* [Work request]: Without pictures, output exactly the lines running from the line containing "Мәктәпкә әзерлек төркеменә" to the end of the listing below.

*** Opening of Given material ***

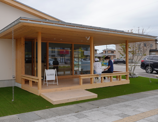 ▲雨除けと腰掛けにもなる大きな屋根のウッドデッキには、お客様を大切にしたいという想いが込められています
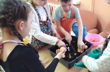 Мәктәпкә әзерлек төркеменә йөрүче балалар суган утырттылар.
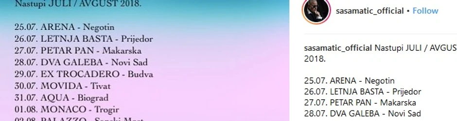 Da će nastupati na tamošnjoj Jadranskoj obali otkrio je na svom profilu i Saša Matić.

*** Close of Given material ***

* [Result below]:
 Мәктәпкә әзерлек төркеменә йөрүче балалар суган утырттылар.
 Da će nastupati na tamošnjoj Jadranskoj obali otkrio je na svom profilu i Saša Matić.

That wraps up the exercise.